(Collection entries)
★ ★ ★ ★ ★

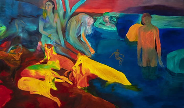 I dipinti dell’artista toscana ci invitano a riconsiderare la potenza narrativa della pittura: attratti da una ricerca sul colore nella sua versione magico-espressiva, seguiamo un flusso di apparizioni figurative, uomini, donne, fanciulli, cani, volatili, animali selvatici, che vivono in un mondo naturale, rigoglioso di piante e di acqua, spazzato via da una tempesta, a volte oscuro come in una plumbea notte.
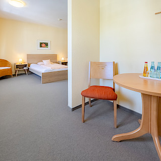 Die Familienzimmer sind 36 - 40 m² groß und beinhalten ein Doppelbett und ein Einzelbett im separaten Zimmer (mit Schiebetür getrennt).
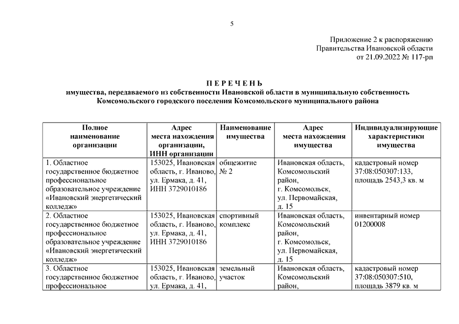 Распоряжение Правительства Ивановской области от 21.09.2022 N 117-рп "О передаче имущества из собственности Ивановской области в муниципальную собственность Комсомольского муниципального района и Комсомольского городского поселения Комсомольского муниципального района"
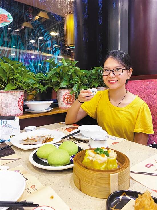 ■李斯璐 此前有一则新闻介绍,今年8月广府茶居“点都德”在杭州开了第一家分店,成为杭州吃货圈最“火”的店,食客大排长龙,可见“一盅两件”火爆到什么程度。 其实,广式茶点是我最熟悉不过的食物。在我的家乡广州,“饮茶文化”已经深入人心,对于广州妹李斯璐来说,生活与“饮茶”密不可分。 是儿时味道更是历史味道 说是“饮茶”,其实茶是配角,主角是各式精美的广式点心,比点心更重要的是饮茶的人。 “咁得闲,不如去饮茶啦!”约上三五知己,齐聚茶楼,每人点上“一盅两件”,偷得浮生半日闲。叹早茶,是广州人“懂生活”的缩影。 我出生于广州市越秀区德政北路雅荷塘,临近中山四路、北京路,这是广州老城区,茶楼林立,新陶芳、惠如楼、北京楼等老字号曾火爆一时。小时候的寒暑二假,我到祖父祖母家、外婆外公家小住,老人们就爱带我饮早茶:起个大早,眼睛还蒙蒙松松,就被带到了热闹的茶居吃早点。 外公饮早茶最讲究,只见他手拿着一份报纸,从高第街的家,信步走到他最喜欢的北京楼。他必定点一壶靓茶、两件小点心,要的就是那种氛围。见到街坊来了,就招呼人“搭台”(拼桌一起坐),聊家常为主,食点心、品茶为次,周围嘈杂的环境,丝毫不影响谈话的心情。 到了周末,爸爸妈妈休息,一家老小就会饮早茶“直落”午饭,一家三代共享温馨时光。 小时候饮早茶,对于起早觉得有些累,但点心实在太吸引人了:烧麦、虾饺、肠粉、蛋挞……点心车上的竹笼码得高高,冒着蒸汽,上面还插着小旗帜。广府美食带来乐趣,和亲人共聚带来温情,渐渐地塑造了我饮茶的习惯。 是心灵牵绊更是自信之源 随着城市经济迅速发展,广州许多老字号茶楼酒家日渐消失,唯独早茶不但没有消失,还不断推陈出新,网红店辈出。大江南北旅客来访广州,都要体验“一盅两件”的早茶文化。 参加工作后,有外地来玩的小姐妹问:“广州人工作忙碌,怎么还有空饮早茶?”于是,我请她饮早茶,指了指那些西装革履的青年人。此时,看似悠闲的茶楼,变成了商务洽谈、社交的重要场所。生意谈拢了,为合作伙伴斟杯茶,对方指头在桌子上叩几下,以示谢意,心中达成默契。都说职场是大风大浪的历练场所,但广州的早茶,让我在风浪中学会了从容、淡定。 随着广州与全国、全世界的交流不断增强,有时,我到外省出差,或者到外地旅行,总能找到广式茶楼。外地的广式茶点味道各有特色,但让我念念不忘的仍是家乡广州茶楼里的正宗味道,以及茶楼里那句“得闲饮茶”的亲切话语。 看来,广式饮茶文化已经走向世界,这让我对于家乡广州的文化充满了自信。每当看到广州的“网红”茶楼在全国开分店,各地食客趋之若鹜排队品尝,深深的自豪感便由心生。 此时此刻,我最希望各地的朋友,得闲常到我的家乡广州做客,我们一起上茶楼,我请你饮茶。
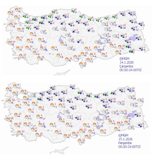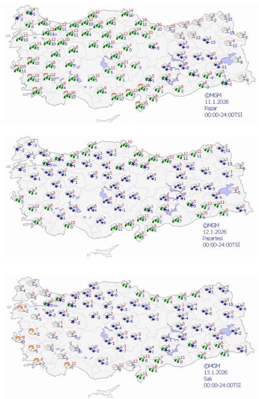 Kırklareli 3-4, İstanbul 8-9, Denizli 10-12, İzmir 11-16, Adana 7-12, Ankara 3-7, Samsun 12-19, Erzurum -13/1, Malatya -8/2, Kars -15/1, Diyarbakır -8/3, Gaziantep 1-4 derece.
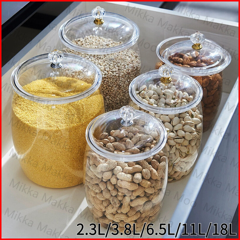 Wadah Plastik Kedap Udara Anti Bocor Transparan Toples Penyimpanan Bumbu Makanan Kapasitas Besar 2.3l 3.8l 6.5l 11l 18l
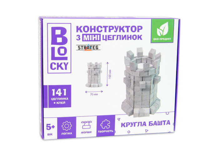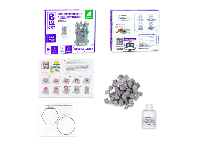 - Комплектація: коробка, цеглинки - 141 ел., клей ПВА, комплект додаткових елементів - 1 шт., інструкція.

★ ★ ★ ★ ★

■ **What the exercise asks**:
A faithful copy of the records above, without images, is what to give back.

■ **Output for this task**:
 I dipinti dell’artista toscana ci invitano a riconsiderare la potenza narrativa della pittura: attratti da una ricerca sul colore nella sua versione magico-espressiva, seguiamo un flusso di apparizioni figurative, uomini, donne, fanciulli, cani, volatili, animali selvatici, che vivono in un mondo naturale, rigoglioso di piante e di acqua, spazzato via da una tempesta, a volte oscuro come in una plumbea notte.
 Die Familienzimmer sind 36 - 40 m² groß und beinhalten ein Doppelbett und ein Einzelbett im separaten Zimmer (mit Schiebetür getrennt).
 Распоряжение Правительства Ивановской области от 21.09.2022 N 117-рп "О передаче имущества из собственности Ивановской области в муниципальную собственность Комсомольского муниципального района и Комсомольского городского поселения Комсомольского муниципального района"
 ■李斯璐 此前有一则新闻介绍,今年8月广府茶居“点都德”在杭州开了第一家分店,成为杭州吃货圈最“火”的店,食客大排长龙,可见“一盅两件”火爆到什么程度。 其实,广式茶点是我最熟悉不过的食物。在我的家乡广州,“饮茶文化”已经深入人心,对于广州妹李斯璐来说,生活与“饮茶”密不可分。 是儿时味道更是历史味道 说是“饮茶”,其实茶是配角,主角是各式精美的广式点心,比点心更重要的是饮茶的人。 “咁得闲,不如去饮茶啦!”约上三五知己,齐聚茶楼,每人点上“一盅两件”,偷得浮生半日闲。叹早茶,是广州人“懂生活”的缩影。 我出生于广州市越秀区德政北路雅荷塘,临近中山四路、北京路,这是广州老城区,茶楼林立,新陶芳、惠如楼、北京楼等老字号曾火爆一时。小时候的寒暑二假,我到祖父祖母家、外婆外公家小住,老人们就爱带我饮早茶:起个大早,眼睛还蒙蒙松松,就被带到了热闹的茶居吃早点。 外公饮早茶最讲究,只见他手拿着一份报纸,从高第街的家,信步走到他最喜欢的北京楼。他必定点一壶靓茶、两件小点心,要的就是那种氛围。见到街坊来了,就招呼人“搭台”(拼桌一起坐),聊家常为主,食点心、品茶为次,周围嘈杂的环境,丝毫不影响谈话的心情。 到了周末,爸爸妈妈休息,一家老小就会饮早茶“直落”午饭,一家三代共享温馨时光。 小时候饮早茶,对于起早觉得有些累,但点心实在太吸引人了:烧麦、虾饺、肠粉、蛋挞……点心车上的竹笼码得高高,冒着蒸汽,上面还插着小旗帜。广府美食带来乐趣,和亲人共聚带来温情,渐渐地塑造了我饮茶的习惯。 是心灵牵绊更是自信之源 随着城市经济迅速发展,广州许多老字号茶楼酒家日渐消失,唯独早茶不但没有消失,还不断推陈出新,网红店辈出。大江南北旅客来访广州,都要体验“一盅两件”的早茶文化。 参加工作后,有外地来玩的小姐妹问:“广州人工作忙碌,怎么还有空饮早茶?”于是,我请她饮早茶,指了指那些西装革履的青年人。此时,看似悠闲的茶楼,变成了商务洽谈、社交的重要场所。生意谈拢了,为合作伙伴斟杯茶,对方指头在桌子上叩几下,以示谢意,心中达成默契。都说职场是大风大浪的历练场所,但广州的早茶,让我在风浪中学会了从容、淡定。 随着广州与全国、全世界的交流不断增强,有时,我到外省出差,或者到外地旅行,总能找到广式茶楼。外地的广式茶点味道各有特色,但让我念念不忘的仍是家乡广州茶楼里的正宗味道,以及茶楼里那句“得闲饮茶”的亲切话语。 看来,广式饮茶文化已经走向世界,这让我对于家乡广州的文化充满了自信。每当看到广州的“网红”茶楼在全国开分店,各地食客趋之若鹜排队品尝,深深的自豪感便由心生。 此时此刻,我最希望各地的朋友,得闲常到我的家乡广州做客,我们一起上茶楼,我请你饮茶。
 Kırklareli 3-4, İstanbul 8-9, Denizli 10-12, İzmir 11-16, Adana 7-12, Ankara 3-7, Samsun 12-19, Erzurum -13/1, Malatya -8/2, Kars -15/1, Diyarbakır -8/3, Gaziantep 1-4 derece.
 Wadah Plastik Kedap Udara Anti Bocor Transparan Toples Penyimpanan Bumbu Makanan Kapasitas Besar 2.3l 3.8l 6.5l 11l 18l
 - Комплектація: коробка, цеглинки - 141 ел., клей ПВА, комплект додаткових елементів - 1 шт., інструкція.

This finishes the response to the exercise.